**** Dataset records ****

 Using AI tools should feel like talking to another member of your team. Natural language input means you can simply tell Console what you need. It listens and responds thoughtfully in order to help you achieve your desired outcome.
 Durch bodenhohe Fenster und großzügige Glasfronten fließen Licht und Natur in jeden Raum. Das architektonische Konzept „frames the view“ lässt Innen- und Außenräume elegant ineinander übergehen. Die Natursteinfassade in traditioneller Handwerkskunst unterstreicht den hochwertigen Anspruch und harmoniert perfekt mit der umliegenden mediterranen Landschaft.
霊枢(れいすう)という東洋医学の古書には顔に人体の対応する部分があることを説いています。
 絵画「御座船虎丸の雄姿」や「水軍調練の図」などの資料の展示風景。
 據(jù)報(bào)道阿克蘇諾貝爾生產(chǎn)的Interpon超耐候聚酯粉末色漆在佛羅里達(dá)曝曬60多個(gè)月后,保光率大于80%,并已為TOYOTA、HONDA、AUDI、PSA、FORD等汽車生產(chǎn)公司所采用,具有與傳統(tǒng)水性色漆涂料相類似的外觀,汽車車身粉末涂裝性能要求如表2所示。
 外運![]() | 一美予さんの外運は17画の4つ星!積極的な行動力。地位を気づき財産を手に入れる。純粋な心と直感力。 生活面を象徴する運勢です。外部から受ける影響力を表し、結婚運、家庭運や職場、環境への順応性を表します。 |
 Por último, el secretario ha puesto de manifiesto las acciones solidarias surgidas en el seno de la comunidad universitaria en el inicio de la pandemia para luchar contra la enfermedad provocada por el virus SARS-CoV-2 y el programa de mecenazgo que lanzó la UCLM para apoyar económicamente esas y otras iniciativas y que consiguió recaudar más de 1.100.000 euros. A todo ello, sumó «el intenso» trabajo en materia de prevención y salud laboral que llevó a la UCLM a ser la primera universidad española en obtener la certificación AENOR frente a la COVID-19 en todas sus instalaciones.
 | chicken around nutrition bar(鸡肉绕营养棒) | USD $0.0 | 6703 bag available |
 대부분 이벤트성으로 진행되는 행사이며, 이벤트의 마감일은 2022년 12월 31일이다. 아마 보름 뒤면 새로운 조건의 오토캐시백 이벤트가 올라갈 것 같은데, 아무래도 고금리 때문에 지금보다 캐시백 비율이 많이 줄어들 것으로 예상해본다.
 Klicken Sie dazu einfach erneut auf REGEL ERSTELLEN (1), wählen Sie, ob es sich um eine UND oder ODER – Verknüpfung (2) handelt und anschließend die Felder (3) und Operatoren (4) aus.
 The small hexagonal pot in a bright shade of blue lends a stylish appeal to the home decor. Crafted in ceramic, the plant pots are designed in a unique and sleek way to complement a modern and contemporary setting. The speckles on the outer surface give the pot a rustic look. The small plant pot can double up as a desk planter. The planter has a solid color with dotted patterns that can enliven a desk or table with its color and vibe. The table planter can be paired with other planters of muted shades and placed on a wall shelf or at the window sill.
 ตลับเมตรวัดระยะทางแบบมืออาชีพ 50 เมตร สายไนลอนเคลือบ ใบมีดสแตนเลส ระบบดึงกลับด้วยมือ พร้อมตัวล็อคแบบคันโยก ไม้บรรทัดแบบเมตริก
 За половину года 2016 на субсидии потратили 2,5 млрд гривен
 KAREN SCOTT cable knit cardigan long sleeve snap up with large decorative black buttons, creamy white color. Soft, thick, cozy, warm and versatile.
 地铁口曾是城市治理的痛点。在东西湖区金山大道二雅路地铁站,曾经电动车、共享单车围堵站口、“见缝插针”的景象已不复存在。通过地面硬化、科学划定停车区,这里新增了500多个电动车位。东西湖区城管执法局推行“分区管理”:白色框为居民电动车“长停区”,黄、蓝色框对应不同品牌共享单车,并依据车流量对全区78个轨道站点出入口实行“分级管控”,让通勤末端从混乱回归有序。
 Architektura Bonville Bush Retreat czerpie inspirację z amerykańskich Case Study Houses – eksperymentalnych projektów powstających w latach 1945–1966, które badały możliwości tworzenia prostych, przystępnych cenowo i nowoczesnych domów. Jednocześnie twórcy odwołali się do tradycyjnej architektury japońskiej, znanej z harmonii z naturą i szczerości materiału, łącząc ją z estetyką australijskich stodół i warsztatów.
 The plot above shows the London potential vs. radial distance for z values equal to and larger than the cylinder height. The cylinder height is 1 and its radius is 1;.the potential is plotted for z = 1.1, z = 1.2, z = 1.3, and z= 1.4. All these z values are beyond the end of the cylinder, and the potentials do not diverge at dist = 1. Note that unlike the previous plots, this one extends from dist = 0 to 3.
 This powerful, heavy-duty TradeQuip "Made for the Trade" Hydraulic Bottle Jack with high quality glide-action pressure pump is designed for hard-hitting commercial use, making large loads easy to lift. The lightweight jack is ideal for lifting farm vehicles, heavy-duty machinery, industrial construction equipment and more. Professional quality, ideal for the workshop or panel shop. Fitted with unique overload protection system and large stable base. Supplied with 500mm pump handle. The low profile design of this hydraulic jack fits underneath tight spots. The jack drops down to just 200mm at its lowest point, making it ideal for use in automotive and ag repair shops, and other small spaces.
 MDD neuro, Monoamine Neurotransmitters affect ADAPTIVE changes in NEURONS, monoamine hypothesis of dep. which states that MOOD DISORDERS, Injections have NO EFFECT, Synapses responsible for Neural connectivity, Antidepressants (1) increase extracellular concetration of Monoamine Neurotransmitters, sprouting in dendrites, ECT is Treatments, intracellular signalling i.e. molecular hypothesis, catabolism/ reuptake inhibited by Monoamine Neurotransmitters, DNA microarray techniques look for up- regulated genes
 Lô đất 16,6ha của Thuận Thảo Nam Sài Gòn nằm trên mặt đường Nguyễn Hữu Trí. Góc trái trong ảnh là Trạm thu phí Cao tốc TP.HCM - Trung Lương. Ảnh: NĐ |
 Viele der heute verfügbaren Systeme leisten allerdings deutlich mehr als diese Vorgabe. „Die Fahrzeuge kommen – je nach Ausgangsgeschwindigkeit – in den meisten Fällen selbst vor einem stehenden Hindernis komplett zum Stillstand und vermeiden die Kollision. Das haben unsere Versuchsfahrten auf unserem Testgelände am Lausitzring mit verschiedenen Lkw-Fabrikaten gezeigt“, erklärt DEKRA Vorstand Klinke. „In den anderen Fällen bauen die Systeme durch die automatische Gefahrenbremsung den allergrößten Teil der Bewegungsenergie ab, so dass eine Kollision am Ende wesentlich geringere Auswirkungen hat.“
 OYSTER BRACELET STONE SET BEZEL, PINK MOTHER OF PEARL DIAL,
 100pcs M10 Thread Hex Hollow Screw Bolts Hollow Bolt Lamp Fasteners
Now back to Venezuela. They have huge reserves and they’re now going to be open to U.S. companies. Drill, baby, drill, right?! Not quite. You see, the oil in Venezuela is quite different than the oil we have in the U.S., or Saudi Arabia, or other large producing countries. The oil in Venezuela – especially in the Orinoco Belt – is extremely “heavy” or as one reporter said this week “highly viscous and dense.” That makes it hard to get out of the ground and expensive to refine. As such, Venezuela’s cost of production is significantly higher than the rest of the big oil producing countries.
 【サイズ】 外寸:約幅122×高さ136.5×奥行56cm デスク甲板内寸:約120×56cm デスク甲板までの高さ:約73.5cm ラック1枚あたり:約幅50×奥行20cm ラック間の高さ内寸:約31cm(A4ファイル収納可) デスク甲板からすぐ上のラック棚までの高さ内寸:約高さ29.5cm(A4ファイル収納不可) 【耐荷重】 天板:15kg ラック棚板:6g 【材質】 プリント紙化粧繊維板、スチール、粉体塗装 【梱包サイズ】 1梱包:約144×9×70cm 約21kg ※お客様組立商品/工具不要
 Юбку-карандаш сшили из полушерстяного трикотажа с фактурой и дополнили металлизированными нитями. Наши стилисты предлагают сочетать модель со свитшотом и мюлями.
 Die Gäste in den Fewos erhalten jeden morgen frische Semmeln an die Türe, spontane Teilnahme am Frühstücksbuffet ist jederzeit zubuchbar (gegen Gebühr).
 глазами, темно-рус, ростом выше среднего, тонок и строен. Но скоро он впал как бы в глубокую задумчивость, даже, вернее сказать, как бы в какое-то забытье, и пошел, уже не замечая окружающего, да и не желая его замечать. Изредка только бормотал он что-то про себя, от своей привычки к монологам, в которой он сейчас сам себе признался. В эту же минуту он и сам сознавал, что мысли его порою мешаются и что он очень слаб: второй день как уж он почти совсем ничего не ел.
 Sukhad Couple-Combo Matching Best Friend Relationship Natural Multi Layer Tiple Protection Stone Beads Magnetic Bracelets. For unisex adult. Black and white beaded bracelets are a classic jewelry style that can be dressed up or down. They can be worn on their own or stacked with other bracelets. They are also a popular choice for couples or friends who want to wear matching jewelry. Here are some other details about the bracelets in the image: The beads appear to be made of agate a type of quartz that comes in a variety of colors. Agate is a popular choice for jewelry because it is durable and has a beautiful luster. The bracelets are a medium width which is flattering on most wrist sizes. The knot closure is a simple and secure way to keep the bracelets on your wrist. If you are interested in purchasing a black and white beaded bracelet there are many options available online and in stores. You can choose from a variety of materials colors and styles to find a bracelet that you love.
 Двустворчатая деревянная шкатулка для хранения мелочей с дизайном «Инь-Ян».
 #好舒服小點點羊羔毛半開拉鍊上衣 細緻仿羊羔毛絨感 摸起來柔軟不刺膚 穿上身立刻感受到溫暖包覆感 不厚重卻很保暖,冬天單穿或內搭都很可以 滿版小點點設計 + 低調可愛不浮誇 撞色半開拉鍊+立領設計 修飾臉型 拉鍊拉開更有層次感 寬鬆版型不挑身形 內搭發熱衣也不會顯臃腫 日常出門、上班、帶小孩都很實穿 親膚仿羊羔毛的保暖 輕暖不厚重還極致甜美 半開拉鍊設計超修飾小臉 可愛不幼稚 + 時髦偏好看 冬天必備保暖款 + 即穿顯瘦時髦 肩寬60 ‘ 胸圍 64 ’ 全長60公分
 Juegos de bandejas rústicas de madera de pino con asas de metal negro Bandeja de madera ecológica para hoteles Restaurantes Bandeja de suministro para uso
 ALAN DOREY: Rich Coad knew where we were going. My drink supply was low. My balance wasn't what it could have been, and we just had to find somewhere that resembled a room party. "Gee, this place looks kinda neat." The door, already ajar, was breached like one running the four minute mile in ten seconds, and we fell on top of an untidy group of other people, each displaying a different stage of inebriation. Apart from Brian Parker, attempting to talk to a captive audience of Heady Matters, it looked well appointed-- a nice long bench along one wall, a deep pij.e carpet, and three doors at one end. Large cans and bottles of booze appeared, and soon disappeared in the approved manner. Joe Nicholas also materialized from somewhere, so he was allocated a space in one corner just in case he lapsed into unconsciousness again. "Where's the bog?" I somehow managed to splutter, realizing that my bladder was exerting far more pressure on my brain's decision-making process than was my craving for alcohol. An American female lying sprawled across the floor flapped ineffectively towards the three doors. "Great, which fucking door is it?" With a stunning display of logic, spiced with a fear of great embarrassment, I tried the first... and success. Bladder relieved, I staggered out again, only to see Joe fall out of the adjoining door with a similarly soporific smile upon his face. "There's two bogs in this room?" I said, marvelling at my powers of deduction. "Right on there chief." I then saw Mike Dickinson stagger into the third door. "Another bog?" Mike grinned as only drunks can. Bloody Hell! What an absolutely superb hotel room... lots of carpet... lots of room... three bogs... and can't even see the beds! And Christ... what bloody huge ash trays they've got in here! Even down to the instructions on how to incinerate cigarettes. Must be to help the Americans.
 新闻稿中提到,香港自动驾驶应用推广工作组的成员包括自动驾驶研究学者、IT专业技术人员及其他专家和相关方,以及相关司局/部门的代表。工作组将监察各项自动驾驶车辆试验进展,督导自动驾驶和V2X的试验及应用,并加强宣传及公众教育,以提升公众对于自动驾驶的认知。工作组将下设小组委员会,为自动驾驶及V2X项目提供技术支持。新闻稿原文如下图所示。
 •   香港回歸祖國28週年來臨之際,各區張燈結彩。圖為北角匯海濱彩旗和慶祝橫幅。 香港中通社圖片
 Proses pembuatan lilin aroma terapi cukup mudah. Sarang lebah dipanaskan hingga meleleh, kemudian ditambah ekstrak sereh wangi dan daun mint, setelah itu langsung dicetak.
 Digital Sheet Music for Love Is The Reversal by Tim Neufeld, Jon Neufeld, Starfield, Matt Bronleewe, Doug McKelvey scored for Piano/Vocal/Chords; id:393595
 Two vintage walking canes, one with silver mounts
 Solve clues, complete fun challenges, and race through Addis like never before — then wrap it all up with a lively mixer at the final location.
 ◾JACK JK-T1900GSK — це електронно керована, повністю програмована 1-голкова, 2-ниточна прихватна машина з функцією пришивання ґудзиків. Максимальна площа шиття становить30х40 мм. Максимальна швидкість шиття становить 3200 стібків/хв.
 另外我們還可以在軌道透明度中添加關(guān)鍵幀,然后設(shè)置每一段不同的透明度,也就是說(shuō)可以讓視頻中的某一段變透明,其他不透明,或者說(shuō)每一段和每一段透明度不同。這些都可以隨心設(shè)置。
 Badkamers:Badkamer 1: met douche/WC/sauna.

****

### [Problem]
Here the job is to set down exactly the lines of the material above that fall between the one with "Por último, el" and the one with "대부분 이벤트성으로 진행되는", inclusive, and nothing beyond them.

### [Task answer]
 Por último, el secretario ha puesto de manifiesto las acciones solidarias surgidas en el seno de la comunidad universitaria en el inicio de la pandemia para luchar contra la enfermedad provocada por el virus SARS-CoV-2 y el programa de mecenazgo que lanzó la UCLM para apoyar económicamente esas y otras iniciativas y que consiguió recaudar más de 1.100.000 euros. A todo ello, sumó «el intenso» trabajo en materia de prevención y salud laboral que llevó a la UCLM a ser la primera universidad española en obtener la certificación AENOR frente a la COVID-19 en todas sus instalaciones.
 | chicken around nutrition bar(鸡肉绕营养棒) | USD $0.0 | 6703 bag available |
 대부분 이벤트성으로 진행되는 행사이며, 이벤트의 마감일은 2022년 12월 31일이다. 아마 보름 뒤면 새로운 조건의 오토캐시백 이벤트가 올라갈 것 같은데, 아무래도 고금리 때문에 지금보다 캐시백 비율이 많이 줄어들 것으로 예상해본다.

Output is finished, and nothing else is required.